PROMPT: All of the data must be written out verbatim, with pictures excluded.

SUPPLIED MATERIAL:
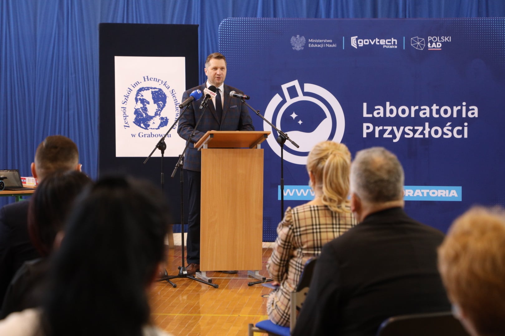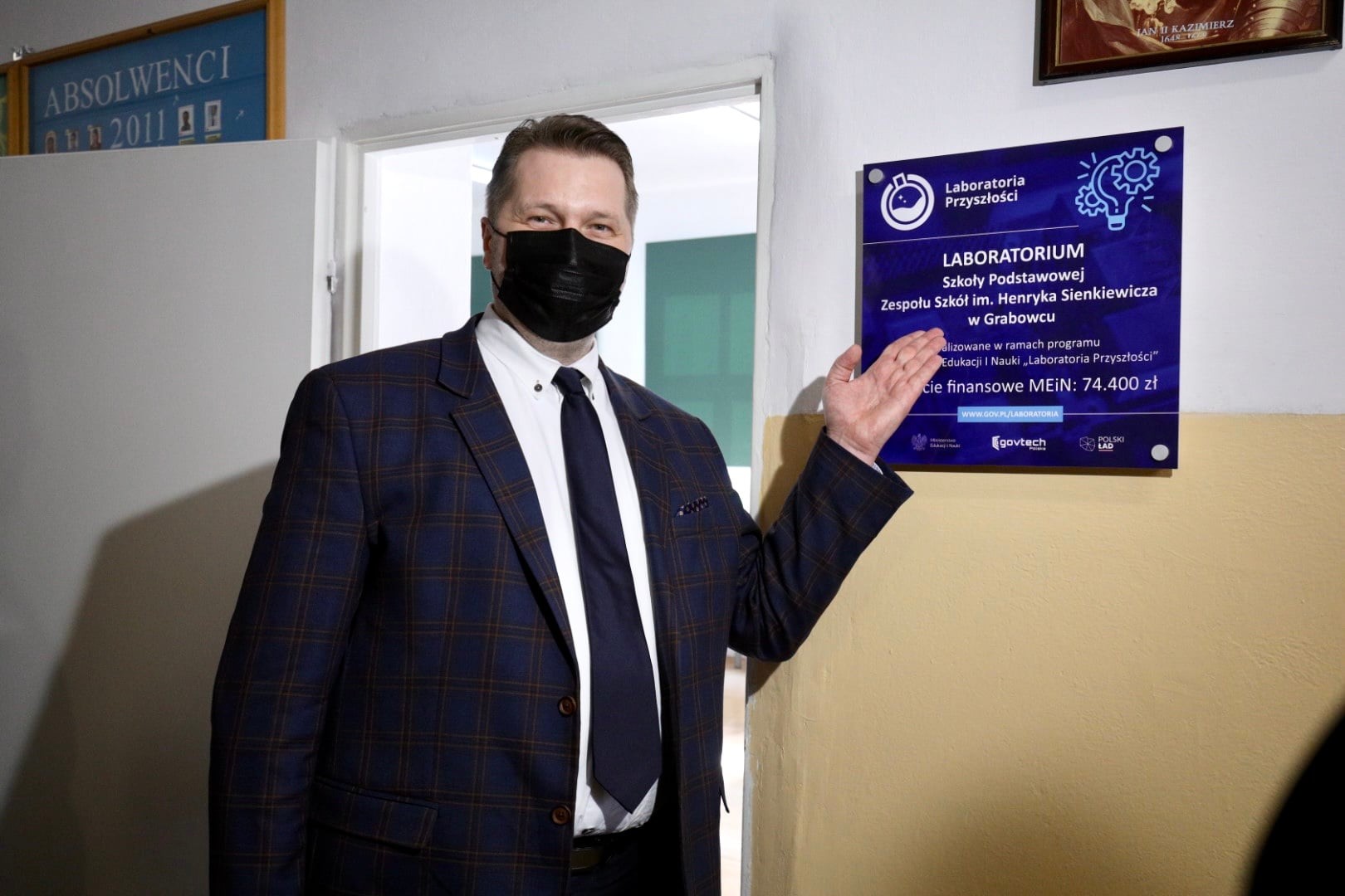 Dziś, w piątek 18 lutego br. Minister Edukacji i Nauki Przemysław Czarnek odwiedził uczniów i nauczycieli z Zespołu Szkół im. Henryka Sienkiewicza w Grabowcu. Uczestniczył w prezentacji nowo otwartej pracowni wyposażonej w sprzęt kupiony ze środków z programu Laboratoria Przyszłości.
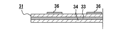 図1,図2,図3に示されるように、セラミック基材11の上面12(主面)には、長尺状のポリマ光導波路フィルム31が図示しない接着剤層を介して接合されている。より詳細には、フィルム31の左端は図1における左側のセラミック基材11に接合され、フィルム31の右端は図1における右側のセラミック基材11に接合されている。このフィルム31は、コア33及びそれを上下から取り囲むクラッド34を有している。実質的にコア33は光信号が伝搬する光路となる。本実施形態の場合、コア33及びクラッド34は、屈折率等の異なる透明なポリマ材料、具体的には屈折率等の異なるPMMA(ポリメチルメタクリレート)により形成されている。光路となるコア33は4つであって、それらは直線的にかつ平行に延びるように形成されている。コア33を形成する材料は、クラッド34を形成する材料よりも数%ほど屈折率が高くなるように設定される。コア33及びクラッド34の厚さは、それぞれ数十μm程度に設定されている。また本実施形態では、フィルム31のセラミック基材11に対する非接合面(即ち図1,図3等における上面)側には、パッド36が導電性材料を用いて形成されている。なお、かかるパッド36は位置合わせ基準部としての役割も有する。また、フィルム31のセラミック基材11に対する非接合面には、同じく導電性材料を用いて導体パターン38も形成されている(図2参照)。導体パターン38はパッド36に接続されている。
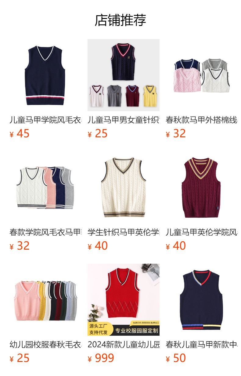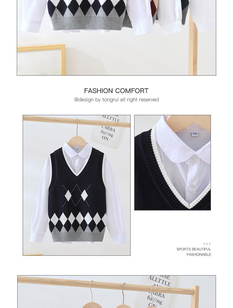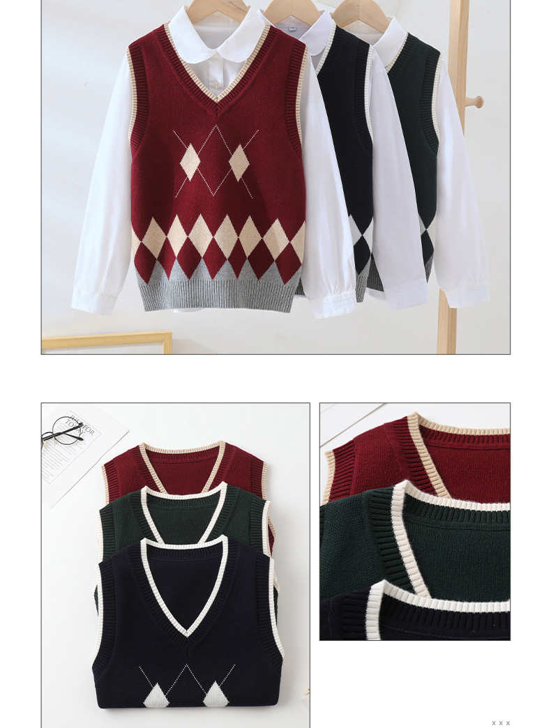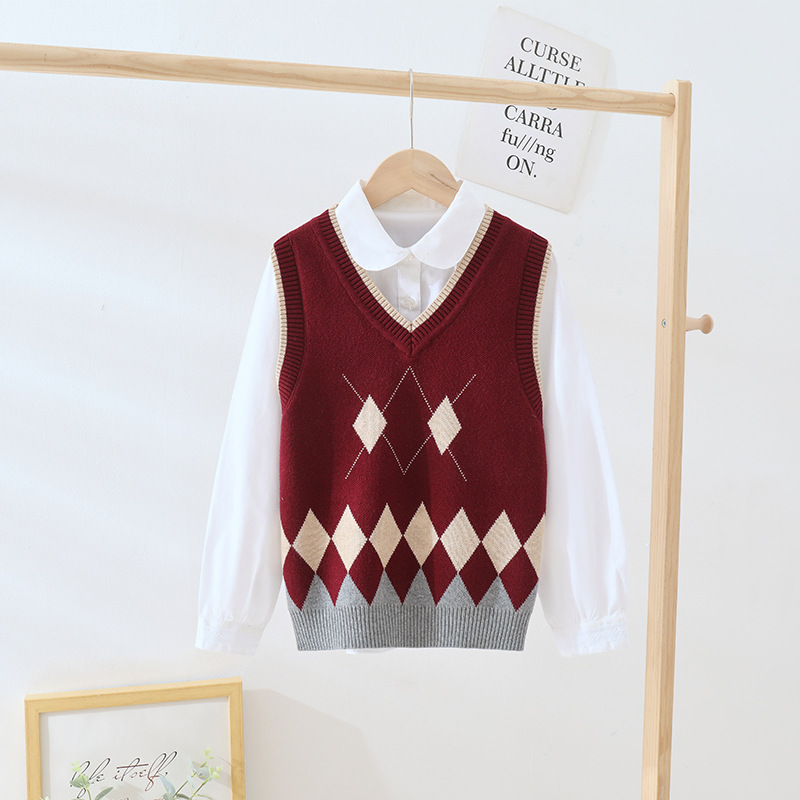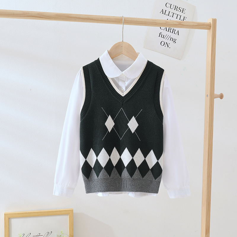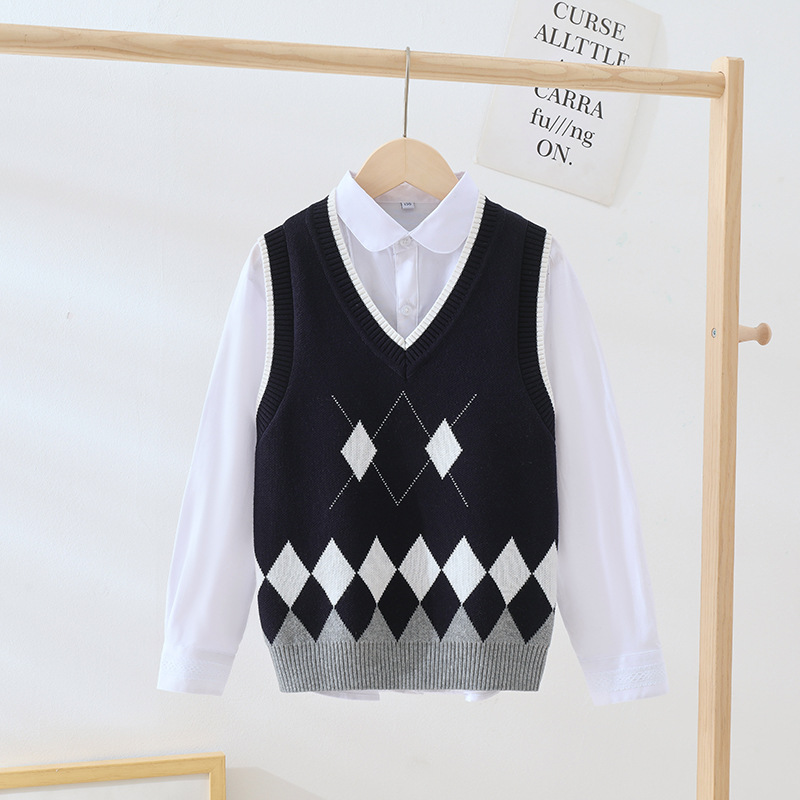 여자 조끼, 대학 스타일 민소매 면 스웨터, 큰 어린이 양복 조끼, 캐주얼 소년 조끼, 서양식 아동복스토어 가기

WRITTEN RESPONSE:
 Dziś, w piątek 18 lutego br. Minister Edukacji i Nauki Przemysław Czarnek odwiedził uczniów i nauczycieli z Zespołu Szkół im. Henryka Sienkiewicza w Grabowcu. Uczestniczył w prezentacji nowo otwartej pracowni wyposażonej w sprzęt kupiony ze środków z programu Laboratoria Przyszłości.
 図1,図2,図3に示されるように、セラミック基材11の上面12(主面)には、長尺状のポリマ光導波路フィルム31が図示しない接着剤層を介して接合されている。より詳細には、フィルム31の左端は図1における左側のセラミック基材11に接合され、フィルム31の右端は図1における右側のセラミック基材11に接合されている。このフィルム31は、コア33及びそれを上下から取り囲むクラッド34を有している。実質的にコア33は光信号が伝搬する光路となる。本実施形態の場合、コア33及びクラッド34は、屈折率等の異なる透明なポリマ材料、具体的には屈折率等の異なるPMMA(ポリメチルメタクリレート)により形成されている。光路となるコア33は4つであって、それらは直線的にかつ平行に延びるように形成されている。コア33を形成する材料は、クラッド34を形成する材料よりも数%ほど屈折率が高くなるように設定される。コア33及びクラッド34の厚さは、それぞれ数十μm程度に設定されている。また本実施形態では、フィルム31のセラミック基材11に対する非接合面(即ち図1,図3等における上面)側には、パッド36が導電性材料を用いて形成されている。なお、かかるパッド36は位置合わせ基準部としての役割も有する。また、フィルム31のセラミック基材11に対する非接合面には、同じく導電性材料を用いて導体パターン38も形成されている(図2参照)。導体パターン38はパッド36に接続されている。
 여자 조끼, 대학 스타일 민소매 면 스웨터, 큰 어린이 양복 조끼, 캐주얼 소년 조끼, 서양식 아동복스토어 가기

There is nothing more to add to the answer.